Already, some drugs launched in the US do not reach Europe because prices are too low, an issue that could get worse under most-favoured nation pricing.
Depending on the category of drugs, this means companies will start making decisions based on higher volume or higher price.
“For drugs that have resolution value, we will see a postponement of launch in Europe,” Stadig said. And if nothing changes, “we will see a gradual reallocation of investment away from Europe and toward the US.”
“We need to increase spending and eliminate government barriers and taxes – these policies are vital to keeping companies in the EU and improving access.”
Nathalie Moll
EFPIA Director General
Industry, experts and companies largely agree that something needs to change.
Europe has the potential to lead in life sciences. Yet, according to the European Federation of Pharmaceutical Industries and Associations (EFPIA), unless it increases spending on new medicines, provides faster access for European patients, and creates a better operating environment for innovator companies, it will continue to lose out to the rest of the world.
According to the trade association, Europe spends about 1% of GDP on pharmaceuticals, compared with 2% in the US and 1.8% in China, while EU spending on medicines has remained largely stagnant for two decades.
“We need to increase spending and eliminate government loopholes and taxes – these policies are key to keeping companies in the EU and improving access,” EFPIA Director General Nathalie Mol told CNBC via email.
“This is important not only for patients who will benefit from faster and more equitable access to medicines, but also for Europe.”
Mol said that without pharma, Europe would face a trade deficit of 88 billion euros ($103 billion) instead of a 130 billion euro surplus.
beyond pricing
While the US offers consolidated biotech hubs like Boston and the Bay Area where science gets funding, Europe remains a patchwork of 27 different regulatory environments, creating a daunting hurdle for the sector.
According to ING, EU biotech firms receive five to ten times less venture capital than their US counterparts.
“Britain has been the canary in the coal mine,” Stadig was quoted as saying. Despite world-class institutions like Oxford and Cambridge, big pharma companies have recently withdrawn from Britain.
last year, AstraZeneca, Eli Lilly And merckKnown as MSD in Europe, it halted or ended planned investments in the UK, citing various issues in the life sciences environment.

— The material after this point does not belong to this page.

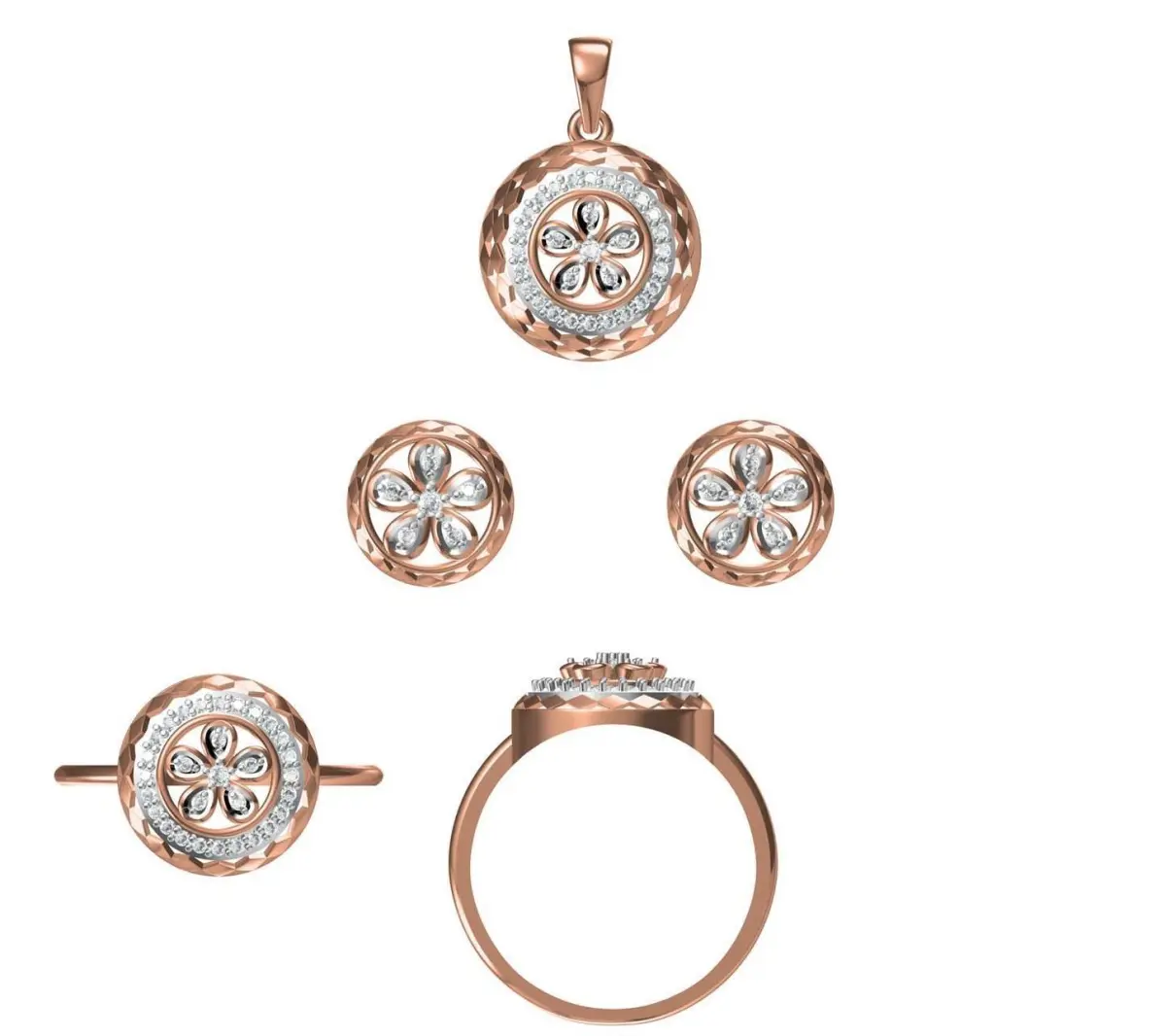 Home Catalog Light Minimalist Diamond Ring Earrings Pendant Set 3D print model

In December, the UK government announced plans to increase spending on medicines by 25% to improve the operating environment for drug manufacturers in the country by raising the thresholds used to determine the cost-effectiveness of medicines.

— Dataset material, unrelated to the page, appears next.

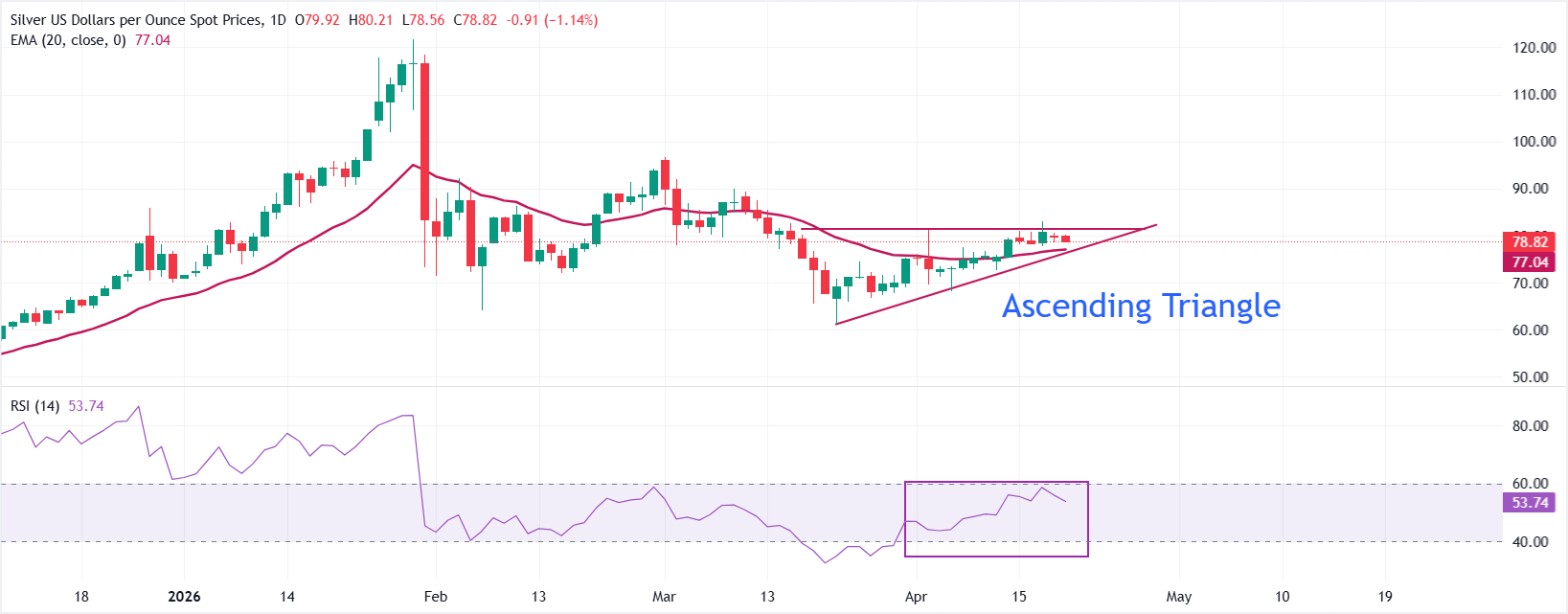 XAG/USD giao dịch thấp hơn ở mức khoảng 79,00$ tại thời điểm viết bài. Giá vẫn bám sát đường trung bình động hàm mũ (EMA) 20 ngày ở mức 77,04$, cho thấy xu hướng đi ngang. Mô hình Tam giác Tăng dần trên biểu đồ hàng ngày củng cố khả năng co hẹp biến động mạnh.

The government also said it would reduce the rebate given by drug companies to the state-run National Health Service to a maximum of 15%, from the previous 23%.

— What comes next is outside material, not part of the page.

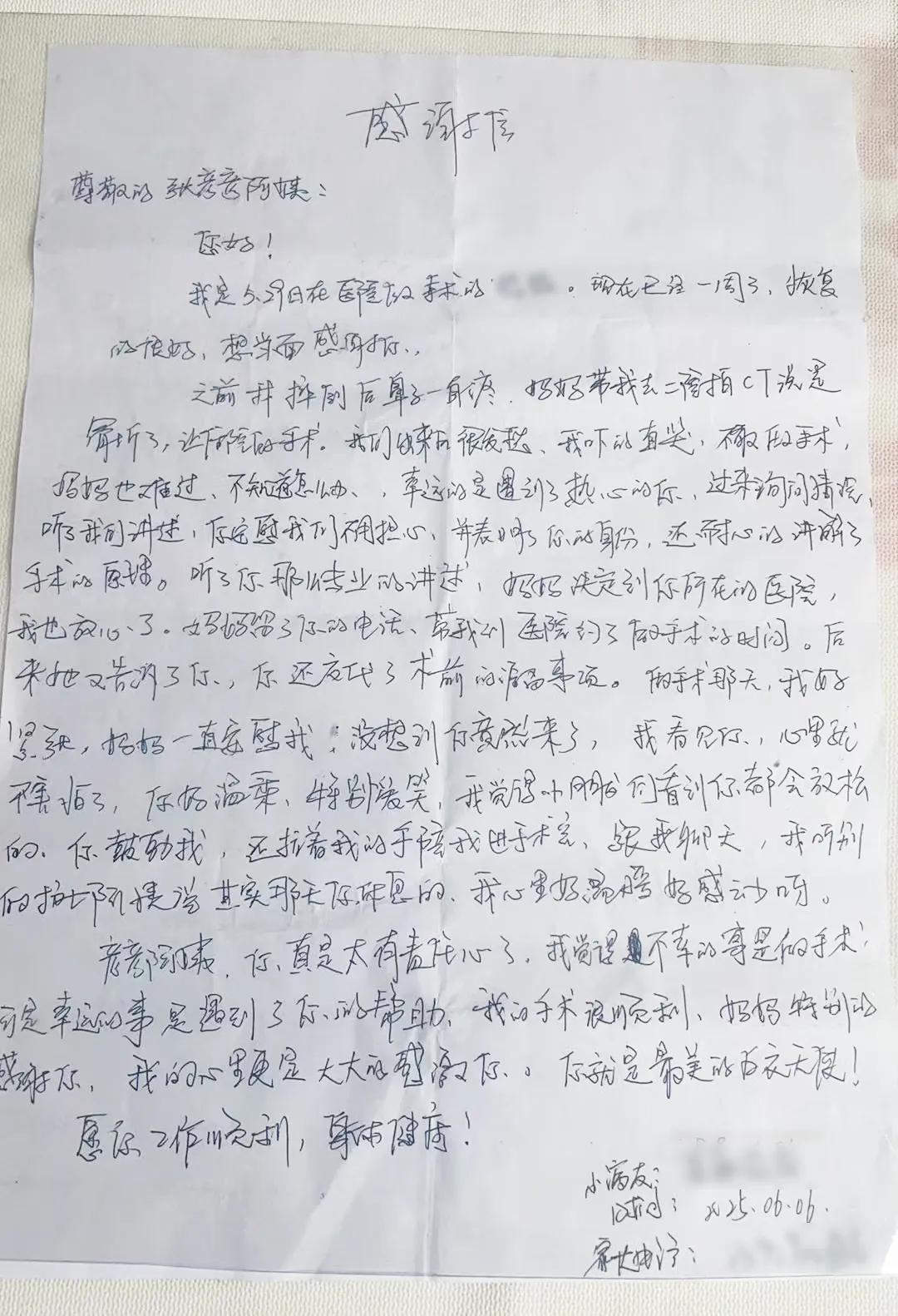 看似一個(gè)很平常的舉動(dòng),當(dāng)孩子?jì)寢尭嬷⒆右院?,小朋友在心底種下了感恩的種子,出院以后專程來(lái)醫(yī)院送來(lái)了這封感謝信......

But “cost is not a silver bullet … you need to think about your ecosystem as well,” Stadig said.
signs of life
Despite the grim statistics on EU competitiveness, there are signs of life. The EU’s recently proposed Biotech Act It aims to streamline regulations, accelerate clinical trials and address the investment gap. Spain has emerged as a surprising success story, becoming an attractive center for clinical research through targeted government support.
Last year, the bloc proposed the Critical Medicines Act in an effort to improve the availability, supply and production of critical medicines against the backdrop of shortages during the COVID-19 pandemic and geopolitical issues.
Additionally, US budget cuts and stricter visa rules for the National Institutes of Health (NIH) could allow Europe to get a jump on emerging areas such as mRNA research.
“I’m really optimistic about Europe,” Stadig said. The EU has addressed the problem and prioritized speed at the European Medicines Agency, which has been an issue for a longer time than the US Food and Drug Administration and could become a competitive advantage given recent cuts at the FDA.
“Things are happening at the European level,” Stadig said. “It is member states…national governments that have not felt the urgency of this.”
“We are shooting ourselves in the foot in terms of these internal barriers created by our national regulation.”